§ **ABOUT THIS EXERCISE**:
Transcribe the data underneath exactly. No images belong in your version.

Dataset entries:
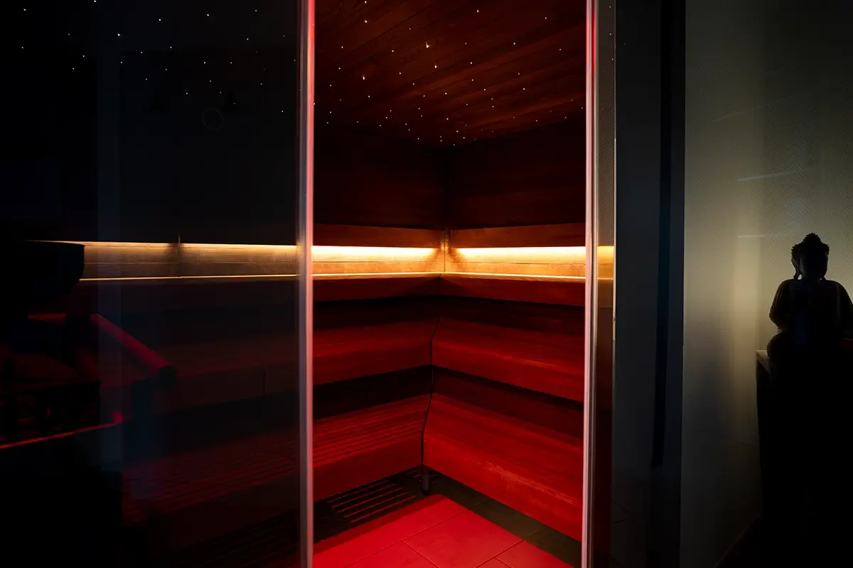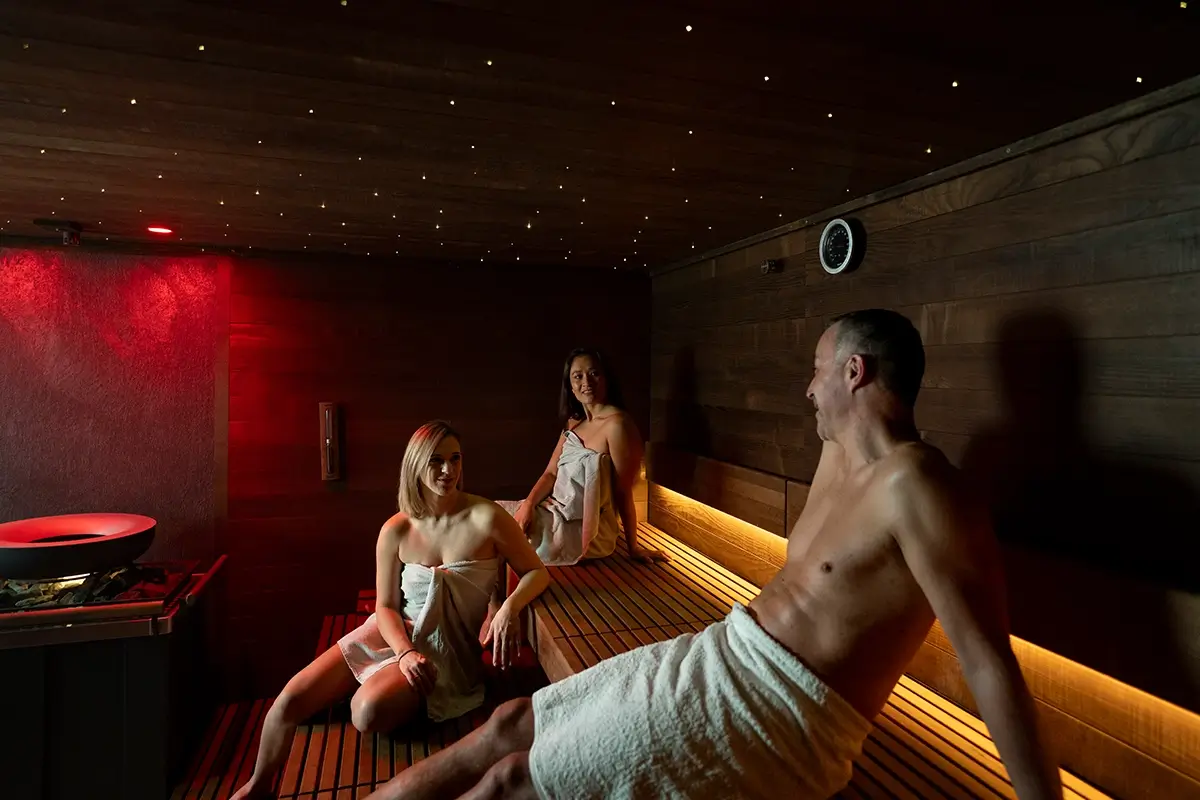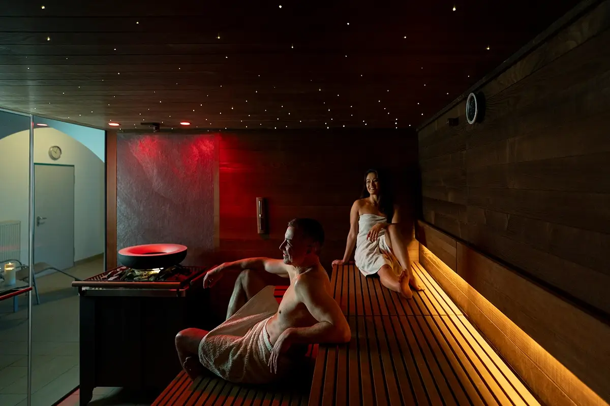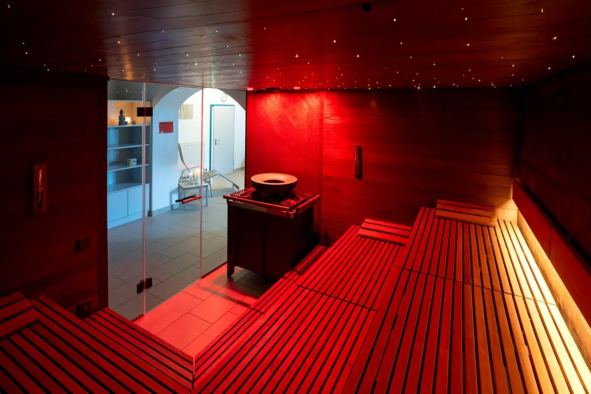 SANARIUM: Das Sanarium ist eine Saunavariante die wir jeden Dienstag anbieten. Hierbei ist die Temperatur geringer, im Gegenzug jedoch die Luftfeuchtigkeit wesentlich höher, als bei der traditionellen Form. Da die Belastungen für den Körper geringer sind, können Sie entspannt auch etwas längere Saunagänge machen. Außerdem eignet sich diese Art des Saunierens besonders nach dem Workout, zum „Warm Down.“
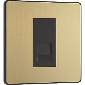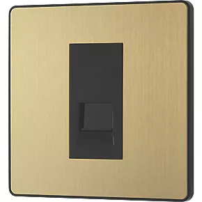 Satin brass secondary telephone socket with easy-to-install, screw terminal connection. For use as additional telephone point, feeding from master telephone socket. Features low profile, screwless flat plate that clips on and off, making it ideal for modern interiors.
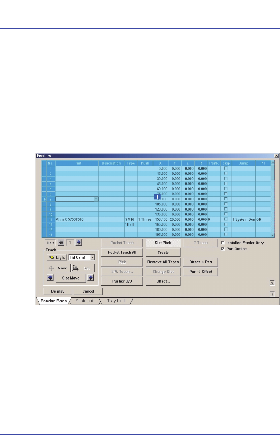 보박스가 표시되는데 “Parts” 대화상자에서 등록된 부품 중 “Tape Feeder”
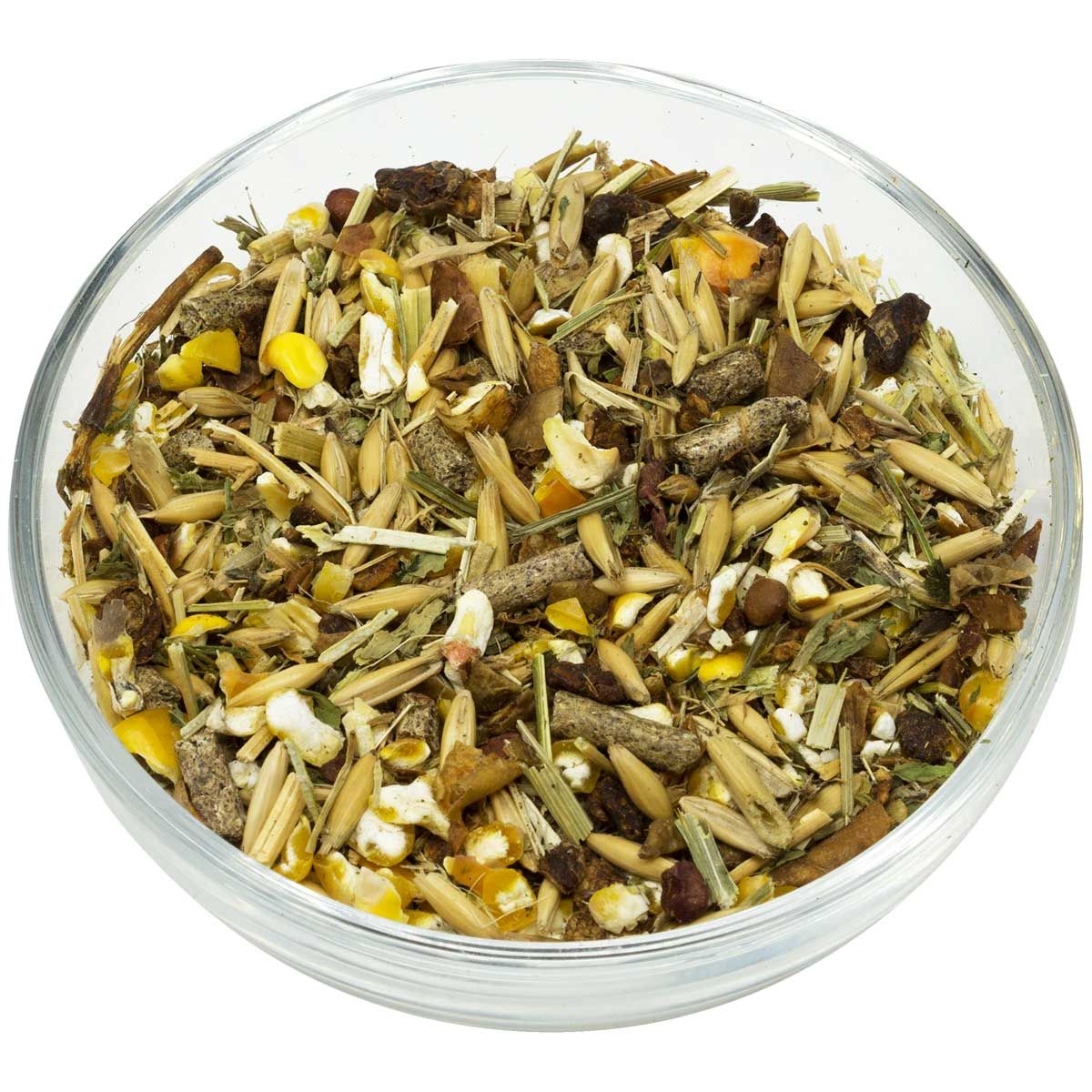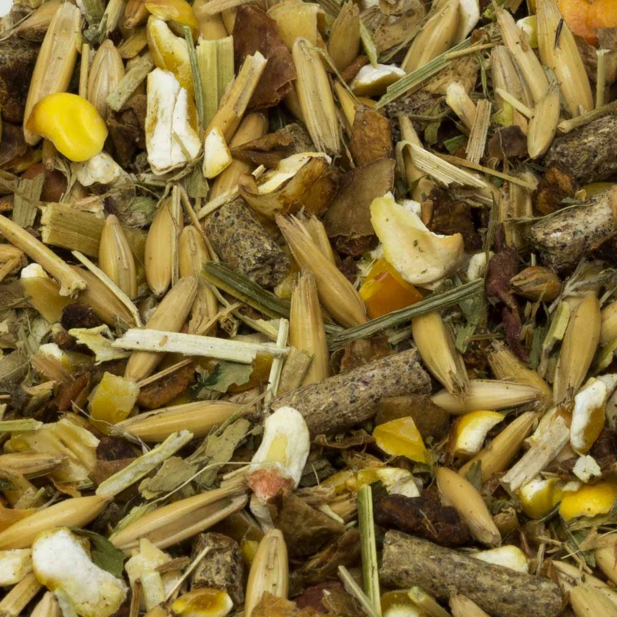 Havre, grovmalet majs, äppelrester, hackat lusernhö, sesamextraktionsmjöl, grovt vetekli, rapsextraktionsmjöl med pinne, monokalciumfosfat, grönmjöl, kalciumkarbonat, sojabönor, pumpafrönkaka, solrosolja, natriumklorid, melass, magnesiumoxid, öljäst
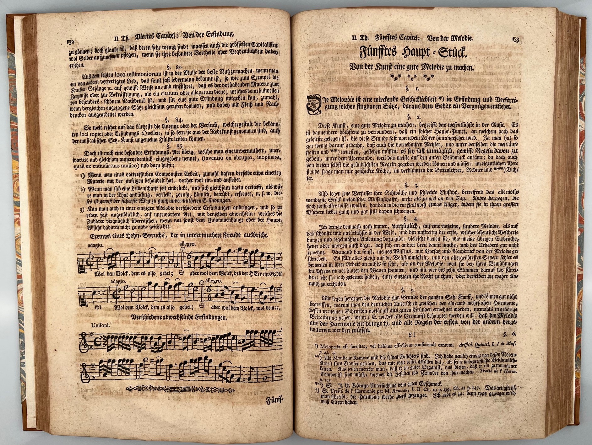 Das wichtigste und umfangreichste theoretische Werk Matthesons, "eine Enzyklopädie der gesamten Musikpraxis seiner Zeit", in der äußerst seltenen Originalausgabe. Behandelt werden die in den 3 "Orchestern", in der "Critica musica", in den beiden "Generalbass-Schulen" sowie im "Kern melodischer Wissenschaft" oft recht knapp abgehandelten, wichtigen Materien aus der Musiktheorie und Ästhetik in ausführlicher Weise, dass dieses Werk geradezu ein grundlegendes genannt werden muss (Schmidt). Matthesons Werke sind zu einer unentbehrlichen Quelle für die Musikwissenschaft geworden, weil ohne sie die grosse musikgeschichtliche Wende, die sich zu seiner Zeit vollzog, schwerlich verstanden werden kann. Joseph Haydn besaß ein Exemplar davon; Goethe kannte es, wie es aus seinem Brief vom 1.1.1819 an Zelter hervorgeht. - Cannon No. 138; Wolffheim I, 819; Hirsch I, 378.
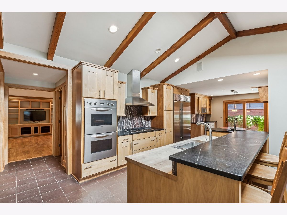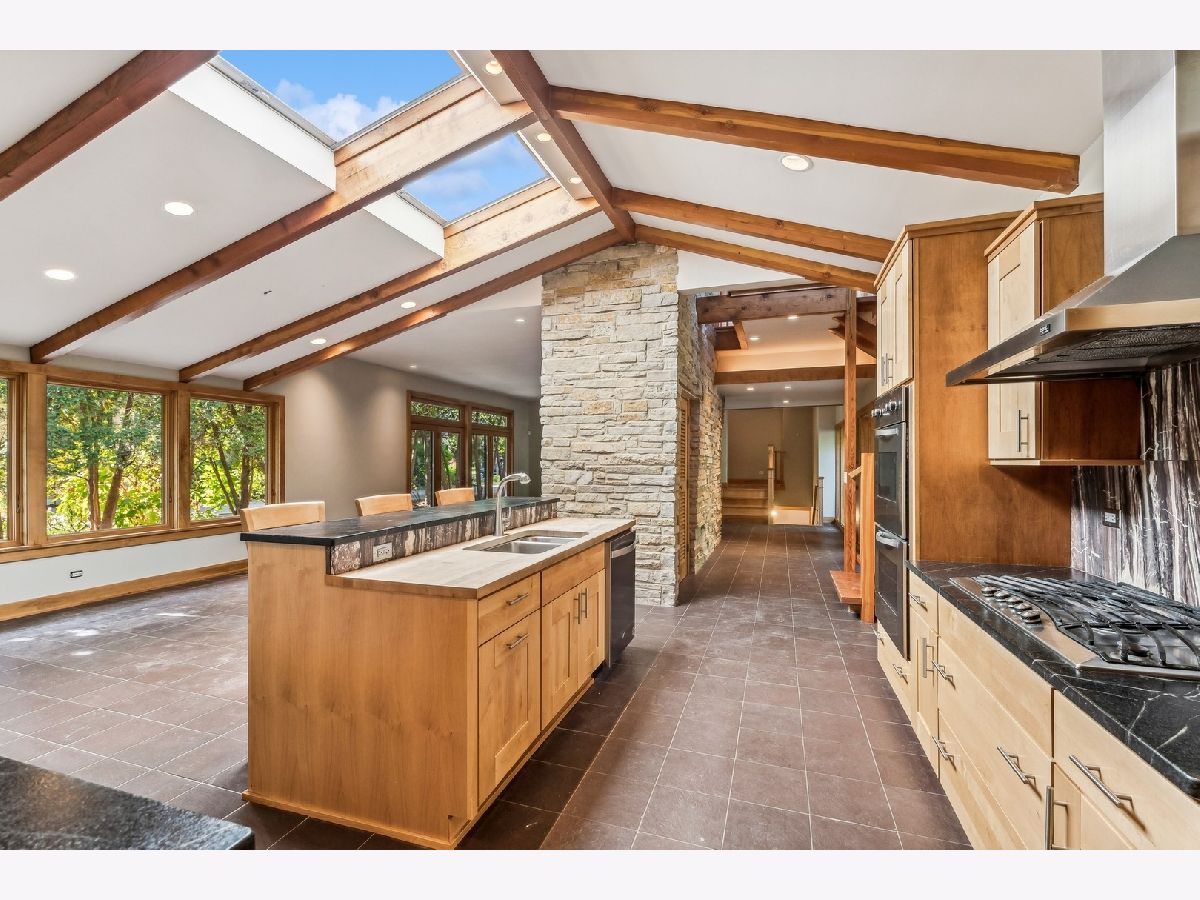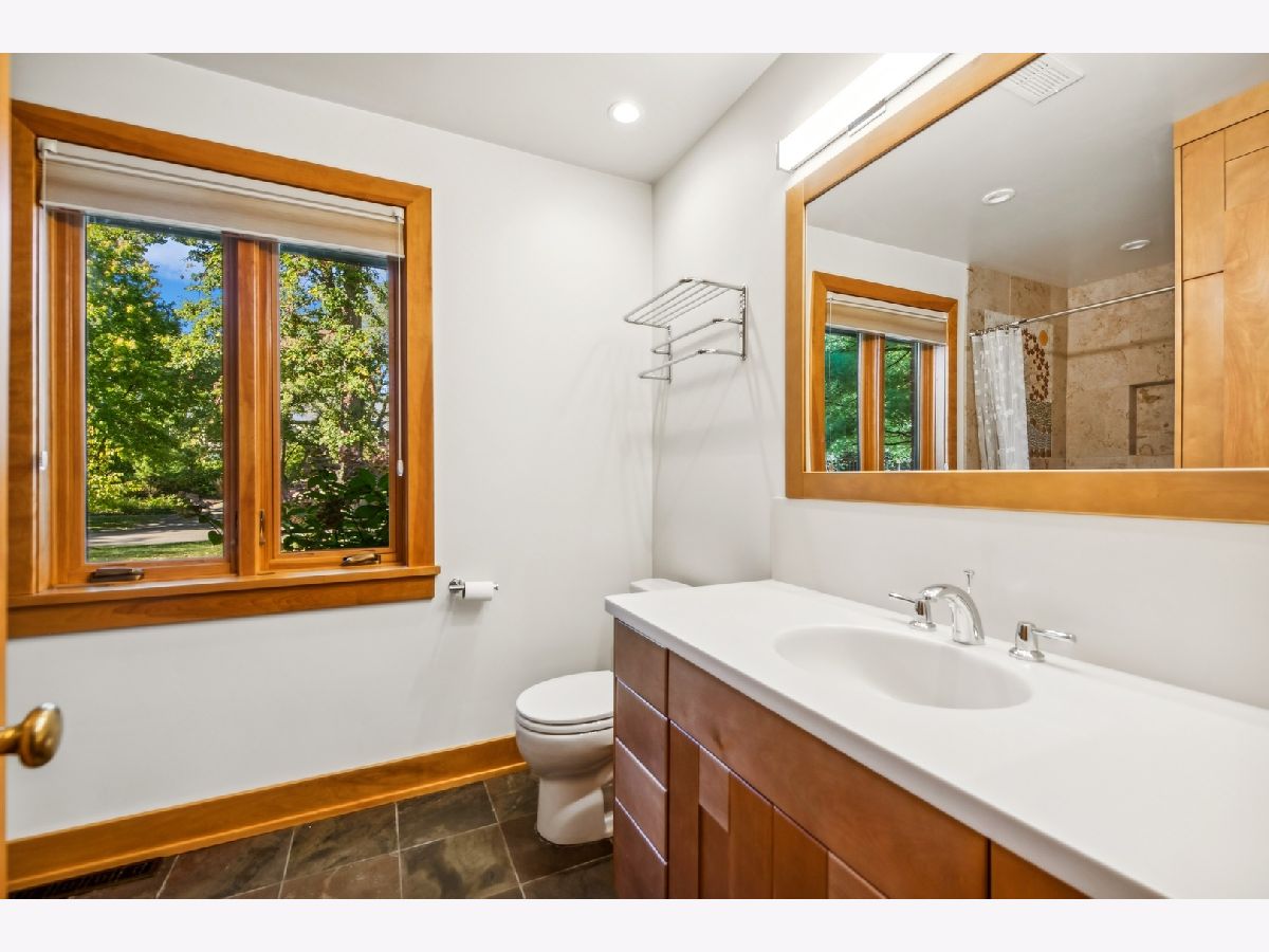 Stunning 4 BR 4 BA Mid-Century Modern Home in the heart of River Forest is completely updated and expanded. Sensitive but creative design by Tom Bassett-Dilley Architects and build-out by the craftsman at Von Dreele Freerksen. The updates included Marvin Windows, Kitchen, bathrooms, roof in addition to geothermal heating and cooling plus solar for total energy efficiency! Sought after open floor plan is accentuated with big windows, skylights, a huge crab orchard stone fireplace and Vermont slate in the main part of the 1st floor. Enjoy the open kitchen layout with island seating. The kitchen flows into the breakfast room with additional cabinetry and patio door for easy access to the BBQ. Large Laundry/Utility room off this space for total convenience. The first floor also features an extra large family room and full bath, which if needed could be used as a first-floor bedroom. The top-floor primary bedroom addition has a walk-in closet, en suite bath, and an office with treetop views. Off the main floor up 4 stairs find three more bedrooms, which include a second primary bedroom with an en suite bath plus a full hall bath, with artful tile. Head downstairs to the partially finished, dugout basement, which awaits your creative ideas. Stubbed for an extra bath this space could be an additional family room, game room, bedroom or two, 2nd home office, or gym. This huge space has ample large windows and ceiling height. There is also a door to the outside. This house can live like a ranch, a big or small home, and is absolutely ideal for entertaining!

§ **RESULT**:
 SANARIUM: Das Sanarium ist eine Saunavariante die wir jeden Dienstag anbieten. Hierbei ist die Temperatur geringer, im Gegenzug jedoch die Luftfeuchtigkeit wesentlich höher, als bei der traditionellen Form. Da die Belastungen für den Körper geringer sind, können Sie entspannt auch etwas längere Saunagänge machen. Außerdem eignet sich diese Art des Saunierens besonders nach dem Workout, zum „Warm Down.“
 Satin brass secondary telephone socket with easy-to-install, screw terminal connection. For use as additional telephone point, feeding from master telephone socket. Features low profile, screwless flat plate that clips on and off, making it ideal for modern interiors.
 보박스가 표시되는데 “Parts” 대화상자에서 등록된 부품 중 “Tape Feeder”
 Havre, grovmalet majs, äppelrester, hackat lusernhö, sesamextraktionsmjöl, grovt vetekli, rapsextraktionsmjöl med pinne, monokalciumfosfat, grönmjöl, kalciumkarbonat, sojabönor, pumpafrönkaka, solrosolja, natriumklorid, melass, magnesiumoxid, öljäst
 Das wichtigste und umfangreichste theoretische Werk Matthesons, "eine Enzyklopädie der gesamten Musikpraxis seiner Zeit", in der äußerst seltenen Originalausgabe. Behandelt werden die in den 3 "Orchestern", in der "Critica musica", in den beiden "Generalbass-Schulen" sowie im "Kern melodischer Wissenschaft" oft recht knapp abgehandelten, wichtigen Materien aus der Musiktheorie und Ästhetik in ausführlicher Weise, dass dieses Werk geradezu ein grundlegendes genannt werden muss (Schmidt). Matthesons Werke sind zu einer unentbehrlichen Quelle für die Musikwissenschaft geworden, weil ohne sie die grosse musikgeschichtliche Wende, die sich zu seiner Zeit vollzog, schwerlich verstanden werden kann. Joseph Haydn besaß ein Exemplar davon; Goethe kannte es, wie es aus seinem Brief vom 1.1.1819 an Zelter hervorgeht. - Cannon No. 138; Wolffheim I, 819; Hirsch I, 378.
 Stunning 4 BR 4 BA Mid-Century Modern Home in the heart of River Forest is completely updated and expanded. Sensitive but creative design by Tom Bassett-Dilley Architects and build-out by the craftsman at Von Dreele Freerksen. The updates included Marvin Windows, Kitchen, bathrooms, roof in addition to geothermal heating and cooling plus solar for total energy efficiency! Sought after open floor plan is accentuated with big windows, skylights, a huge crab orchard stone fireplace and Vermont slate in the main part of the 1st floor. Enjoy the open kitchen layout with island seating. The kitchen flows into the breakfast room with additional cabinetry and patio door for easy access to the BBQ. Large Laundry/Utility room off this space for total convenience. The first floor also features an extra large family room and full bath, which if needed could be used as a first-floor bedroom. The top-floor primary bedroom addition has a walk-in closet, en suite bath, and an office with treetop views. Off the main floor up 4 stairs find three more bedrooms, which include a second primary bedroom with an en suite bath plus a full hall bath, with artful tile. Head downstairs to the partially finished, dugout basement, which awaits your creative ideas. Stubbed for an extra bath this space could be an additional family room, game room, bedroom or two, 2nd home office, or gym. This huge space has ample large windows and ceiling height. There is also a door to the outside. This house can live like a ranch, a big or small home, and is absolutely ideal for entertaining!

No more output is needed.